** Extracted material follows **
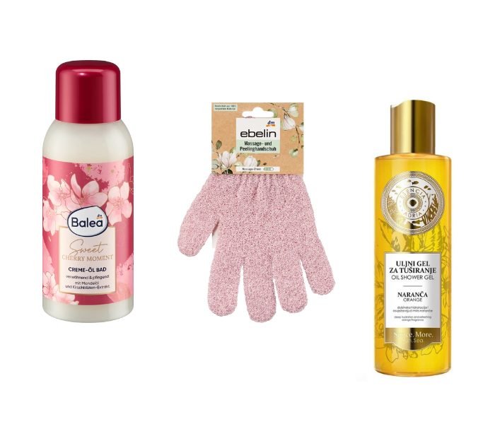 Balea kremasta uljna kupka s mirisom trešanja, Esencia Adria uljni gel za tuširanje, Ebelin rukavica za piling i masažu
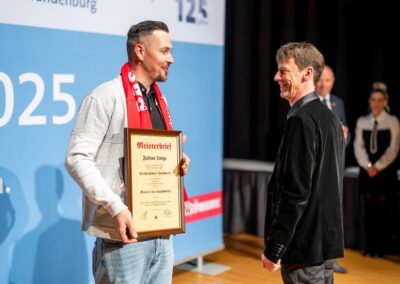 Am 21. März 2025 fand die Meisterfeier der Handwerkskammer im Bürgerhaus Neuenhagen statt. Im festlichen Rahmen wurden über 80 Gesellinnen und Gesellen in den Meisterstand erhoben. Die Veranstaltung war ein bedeutender Moment für die Absolventinnen und Absolventen, ihre Familien sowie Vertreterinnen und Vertreter des Handwerks.
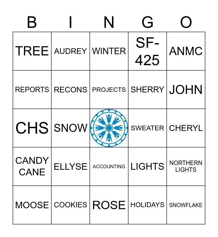 This bingo card has a free space and 35 words: GRANTS, ANTHC, INFOR, RECONS, ACCOUNTING, SF-425, REPORTS, INVOICES, PROJECTS, DEHE, CHS, ANMC, FUNDER, ALASKA, TREE, SWEATER, HOLIDAYS, SNOW, CANDY CANE, SNOWFLAKE, LIGHTS, MOOSE, NORTHERN LIGHTS, COOKIES, WINTER, JOHN, KEISHA, SAMMY, SHERRY, CHERYL, VLADA, ROSE, ELLYSE, AUDREY and DANNY.
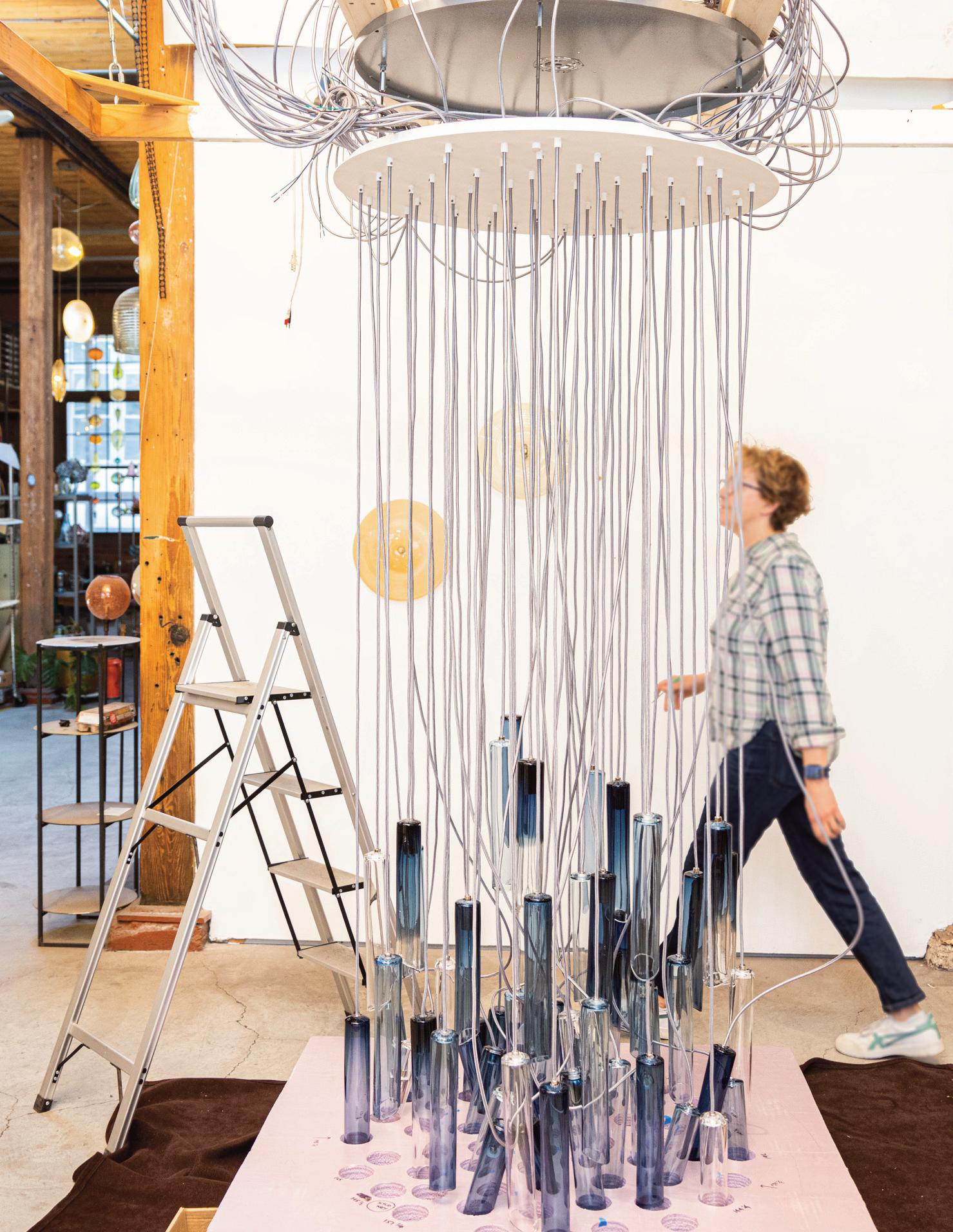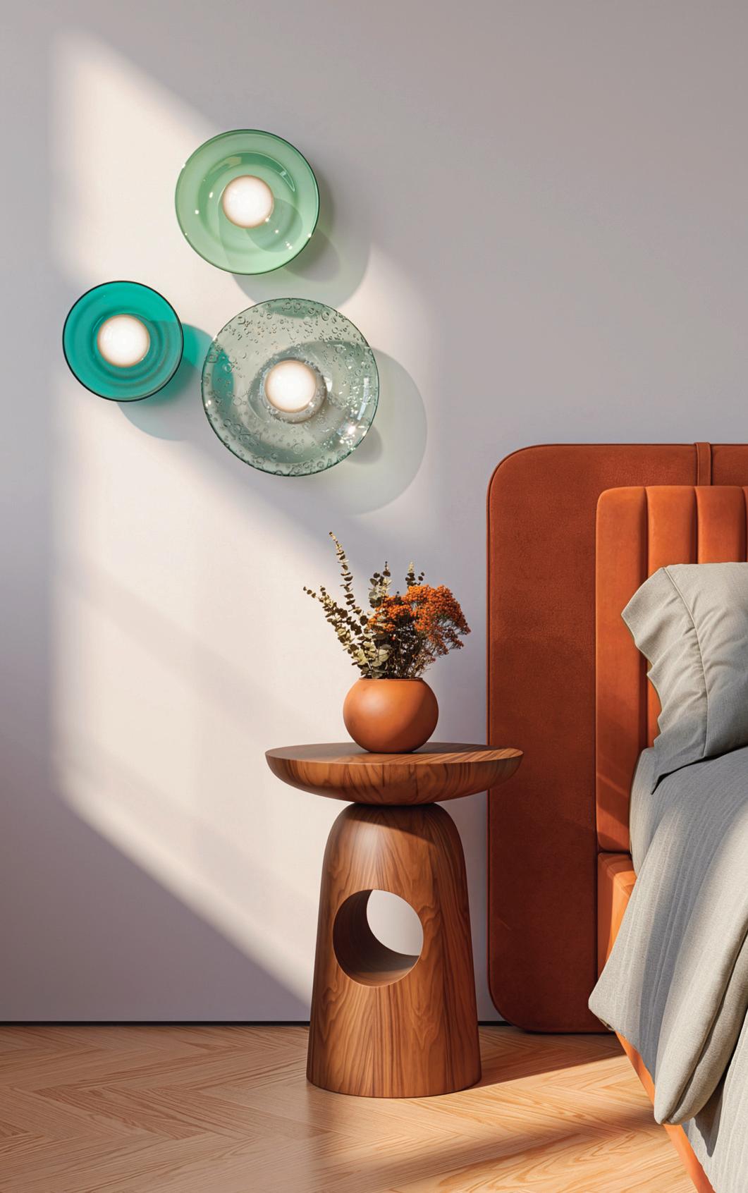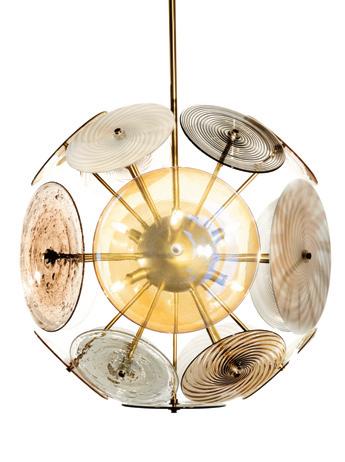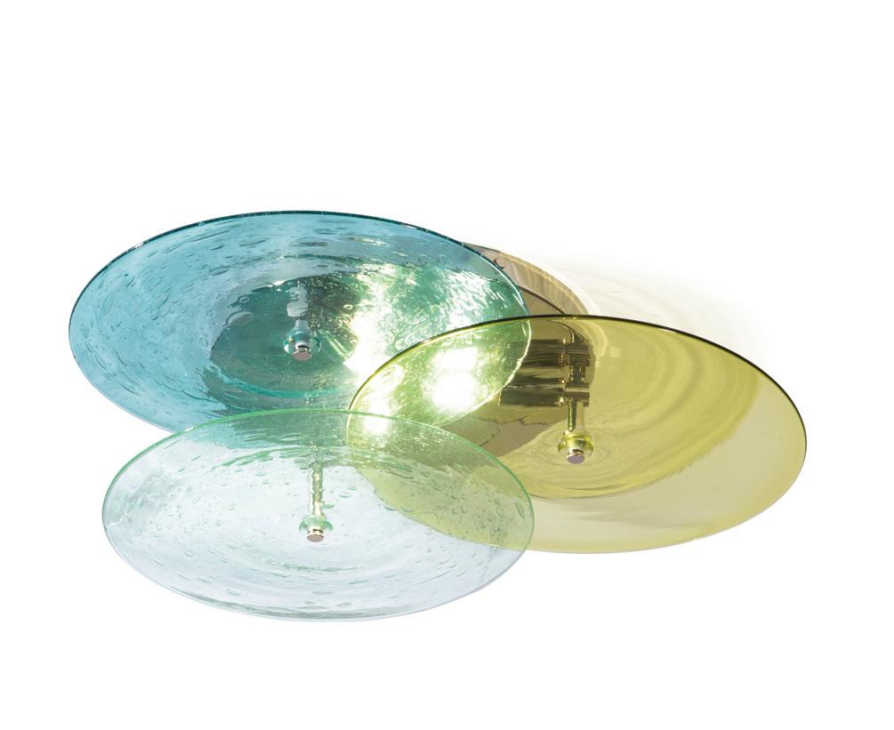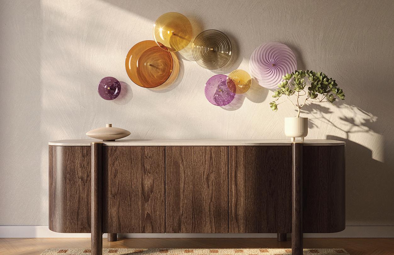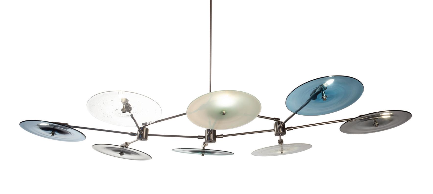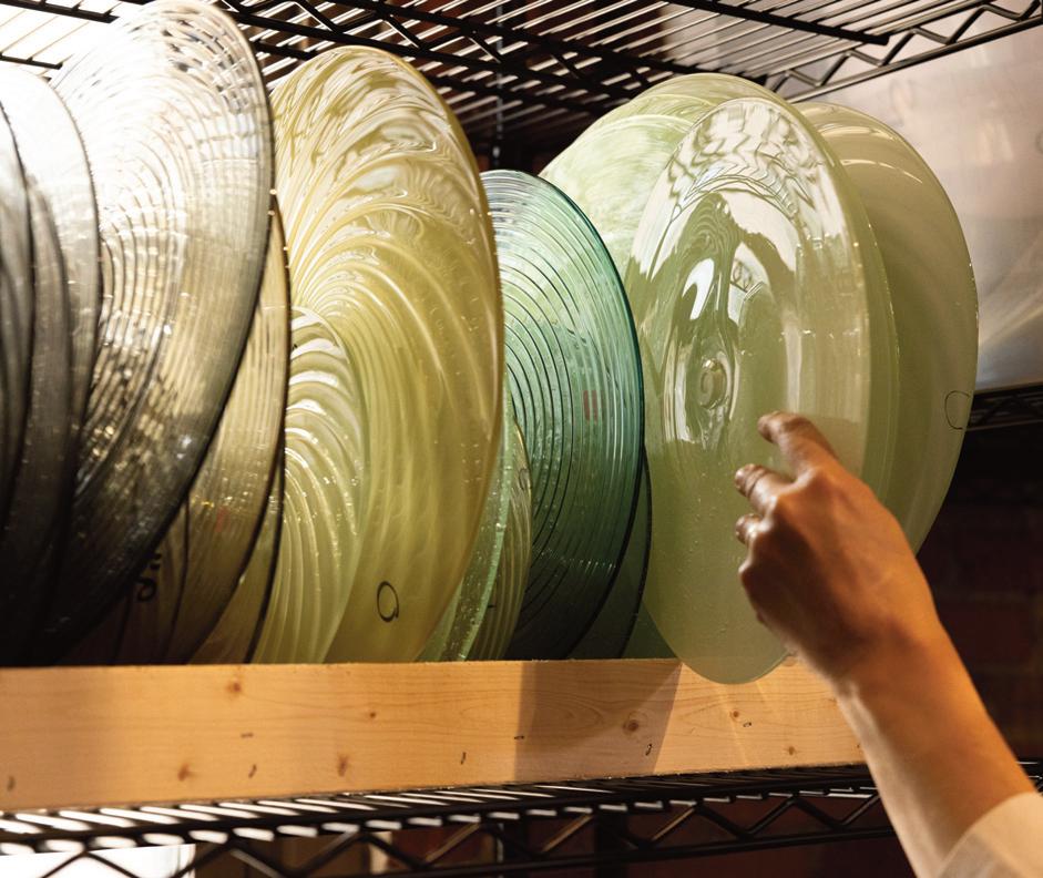 Light in motion. Inspired by the way light bends and radiates through glass, Lens explores depth and symmetry through softly glowing, hand-formed discs that shift in character from every angle.
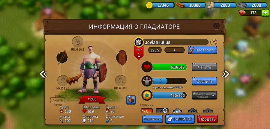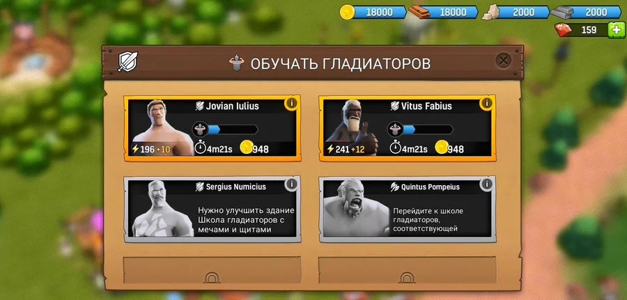 - Недоработки в прокачке гладиаторов и строительстве города. К примеру, нет второй очереди строительства;
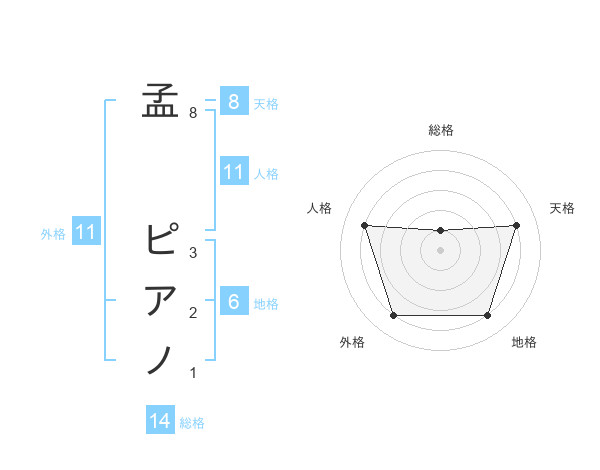 孟 ピアノさんを姓名の画数から五運を鑑定
** End of Extracted material **
The pictures are not wanted, but every line of the listing should be duplicated exactly.

▶ **Finished task**
 Balea kremasta uljna kupka s mirisom trešanja, Esencia Adria uljni gel za tuširanje, Ebelin rukavica za piling i masažu
 Am 21. März 2025 fand die Meisterfeier der Handwerkskammer im Bürgerhaus Neuenhagen statt. Im festlichen Rahmen wurden über 80 Gesellinnen und Gesellen in den Meisterstand erhoben. Die Veranstaltung war ein bedeutender Moment für die Absolventinnen und Absolventen, ihre Familien sowie Vertreterinnen und Vertreter des Handwerks.
 This bingo card has a free space and 35 words: GRANTS, ANTHC, INFOR, RECONS, ACCOUNTING, SF-425, REPORTS, INVOICES, PROJECTS, DEHE, CHS, ANMC, FUNDER, ALASKA, TREE, SWEATER, HOLIDAYS, SNOW, CANDY CANE, SNOWFLAKE, LIGHTS, MOOSE, NORTHERN LIGHTS, COOKIES, WINTER, JOHN, KEISHA, SAMMY, SHERRY, CHERYL, VLADA, ROSE, ELLYSE, AUDREY and DANNY.
 Light in motion. Inspired by the way light bends and radiates through glass, Lens explores depth and symmetry through softly glowing, hand-formed discs that shift in character from every angle.
 - Недоработки в прокачке гладиаторов и строительстве города. К примеру, нет второй очереди строительства;
 孟 ピアノさんを姓名の画数から五運を鑑定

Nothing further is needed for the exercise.